2017 Deborah and Franklin Tepper Haimo Award for Distinguished College or University Teaching of Mathematics
Tevian Dray, Oregon State University

Tevian Dray is recognized for his record of exemplary mathematics teaching at Oregon State University and distinguished work in college mathematics curriculum development. Over the course of his career, Tevian has created a greater awareness of the need for mathematicians to look at how other fields see mathematics, and his curriculum development work has given the mathematics community a powerful tool to engage students by showing them how the mathematics they are learning will look in their major.

Tevian excels at teaching in the classroom. He loves to teach, and students love to participate and actively learn in his courses. Tevian creates a very interactive classroom and employs non-traditional and alternative teaching methods. In both large and small classroom settings, student questions and other feedback drive the coherent presentation of the subject matter, emphasizing conceptual understanding, and the relationships between different parts of the course.

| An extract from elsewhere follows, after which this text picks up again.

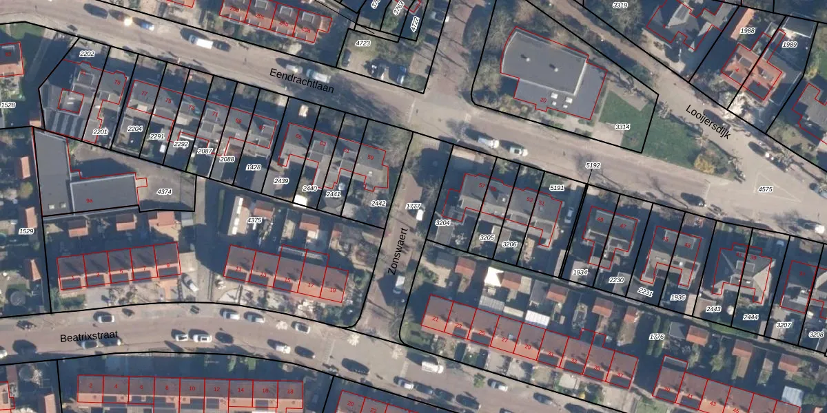 Gebruik de zoekbalk of klik op een perceel om informatie over het perceel te bekijken.

Tevian’s success is documented by excellent course evaluations, where over 50% of his numerical evaluations over the past decade have been at least 5.8 on a 6.0 scale, and student testimonials. Students write that Tevian removes barriers between students through open discussions. He invites students to actively explore mathematics and they learn to work as a team to discover the beauty and depth hidden in mathematics. Colleagues write that during student presentations, Tevian has the knack for asking the right question that pushes students, whether presenting or listening, to explore the implications of their argument and to uncover an underlying theory. He has the artful skill to remain quiet and letting students lead the discussion by making mistakes and learning from each other.

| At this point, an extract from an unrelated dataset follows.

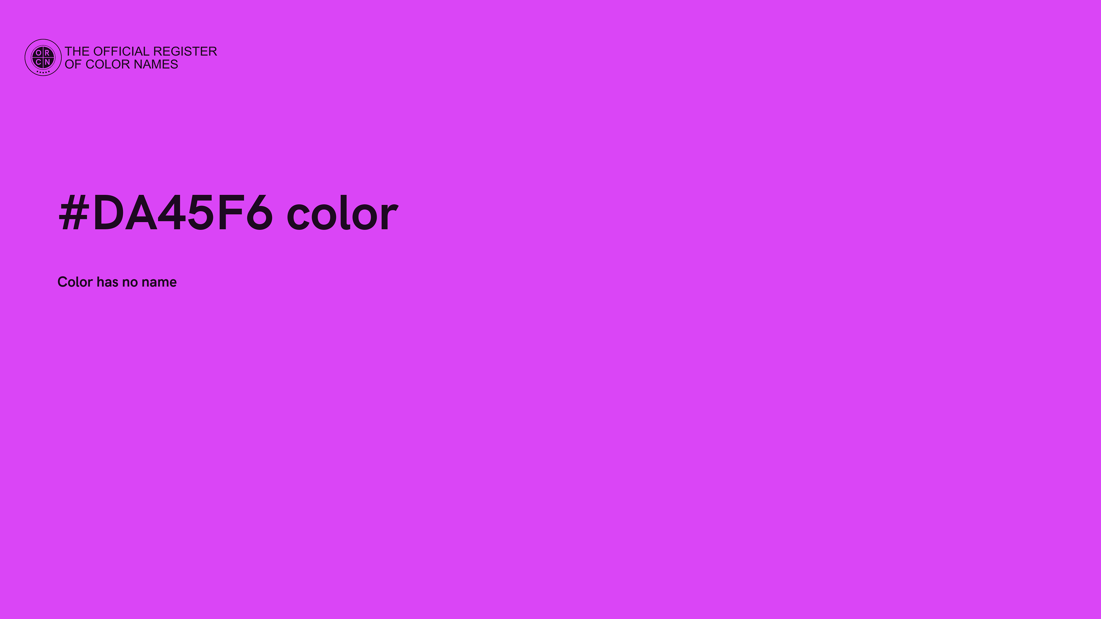 For printing in non digital world, #DA45F6 is represented in CMYK as 11 Cyan, 69 Magenta, 0 Yellow, and 4 Black (Key) (C:11 M:69 Y:0 K:4).

Tevian has also made significant and original contributions to the teaching of mathematics, both at Oregon State and nationwide. He has played a key role in two successful long-term curriculum development projects. Tevian was the PI of the “Vector Calculus Bridge” project, that addressed the divide between how vector calculus is taught by mathematicians and how it is understood by physicists. The Bridge Project developed and classroom tested 15 small group activities and prepared an accompanying 100-page instructor's guide. Materials were presented at 10 regional and national workshops and attended by more than 170 faculty members overall. He also coauthored an online multivariable calculus textbook based on this approach. Tevian is also the co-PI of the "Paradigms in Physics" project, a 19-year NSF-funded effort by the Oregon State physics department to redesign their upper-division physics courses with a strong emphasis on pedagogical reform. Tevian designed a new course on Reference Frames and an accompanying textbook that presents a geometric approach to relativity.

Tevian has also participated extensively in teacher development for the state of Oregon. Through the Oregon Mathematics Leadership Institute (OMLI), he was part of the team that designed an OMLI course in non-Euclidean geometry that encouraged teachers to improve the quality of mathematical discourse in their own classrooms by modeling instruction on an unfamiliar but accessible mathematical topic. Tevian also served as a co-PI of the Central Oregon Consortium, a Mathematics and Science Partnership providing professional development to middle-school math teachers in rural Oregon.

The MAA recognizes the impact Tevian Dray has had on numerous student and faculty lives through his excellent teaching and curricular work, and is honored to present him with the Deborah and Franklin Tepper Haimo Award for Distinguished College or University Teaching of Mathematics.